- _Exercise prompt_:
An exact copy of the data is needed, one that excludes all pictures.

┄┄┄┄┄┄

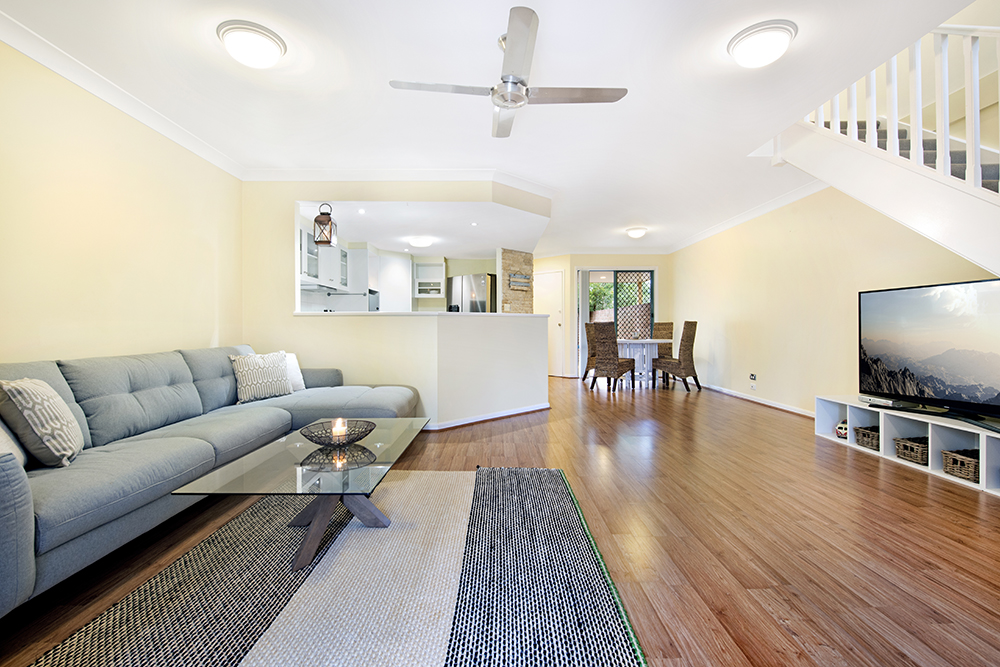 * A large townhouse with spacious, open plan living area downstairs – room for the separate dining area and lounge area.
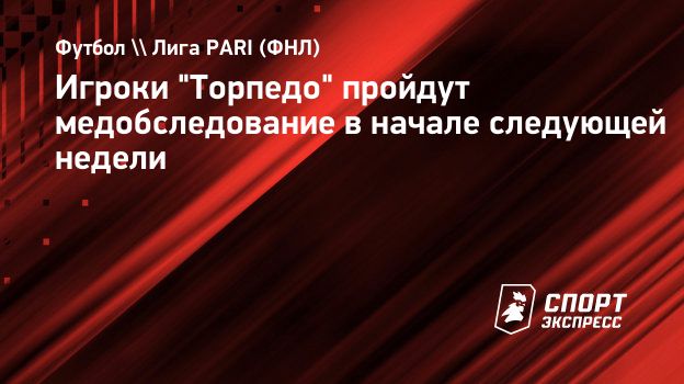 Игроки "Торпедо" пройдут медобследование в начале следующей недели
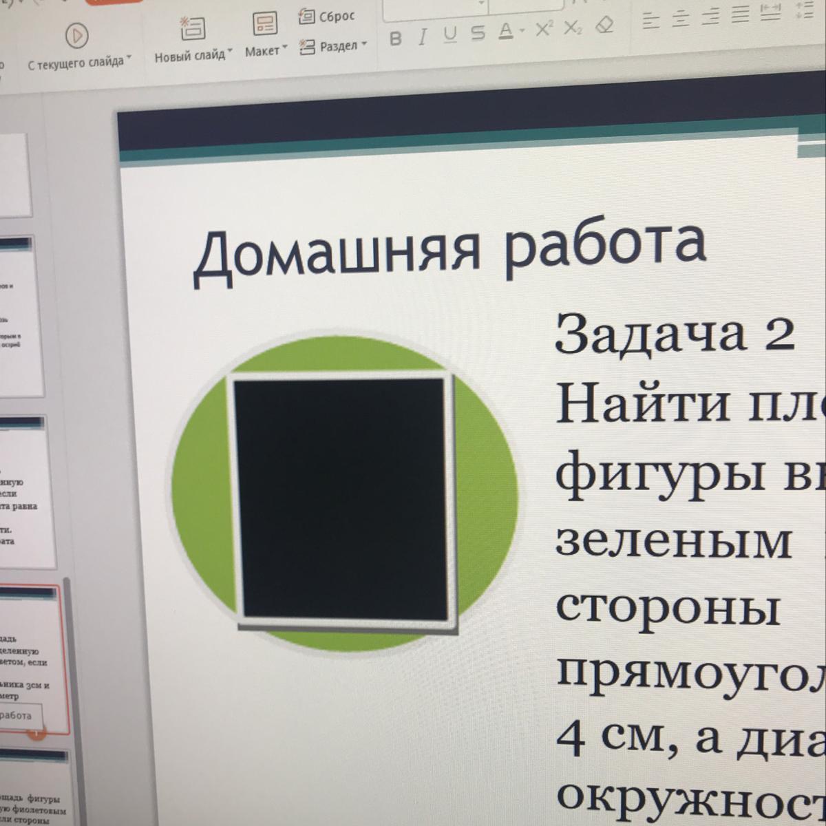 Найти площадь фигуры выделенную зелёный цветом, если стороны прямоугольника 3 см и 4 см, а диаметр окружности 5 см?
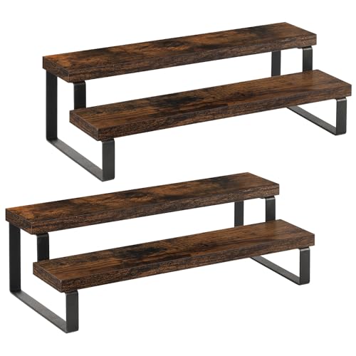 YINMIT Lot de 2 présentoirs en bois à 2 niveaux pour comptoir de cuisine, étagère à épices, étagère de présentation pour parfum, maquillage, figurine, collection de poupées, condiments
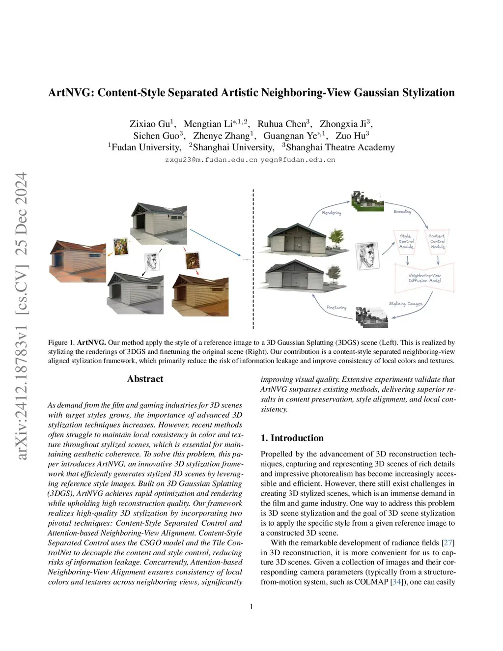 ArtNVG: Content-Style Separated Artistic Neighboring-View Gaussian Stylization

┄┄┄┄┄┄

- _Answer space_:
 * A large townhouse with spacious, open plan living area downstairs – room for the separate dining area and lounge area.
 Игроки "Торпедо" пройдут медобследование в начале следующей недели
 Найти площадь фигуры выделенную зелёный цветом, если стороны прямоугольника 3 см и 4 см, а диаметр окружности 5 см?
 YINMIT Lot de 2 présentoirs en bois à 2 niveaux pour comptoir de cuisine, étagère à épices, étagère de présentation pour parfum, maquillage, figurine, collection de poupées, condiments
 ArtNVG: Content-Style Separated Artistic Neighboring-View Gaussian Stylization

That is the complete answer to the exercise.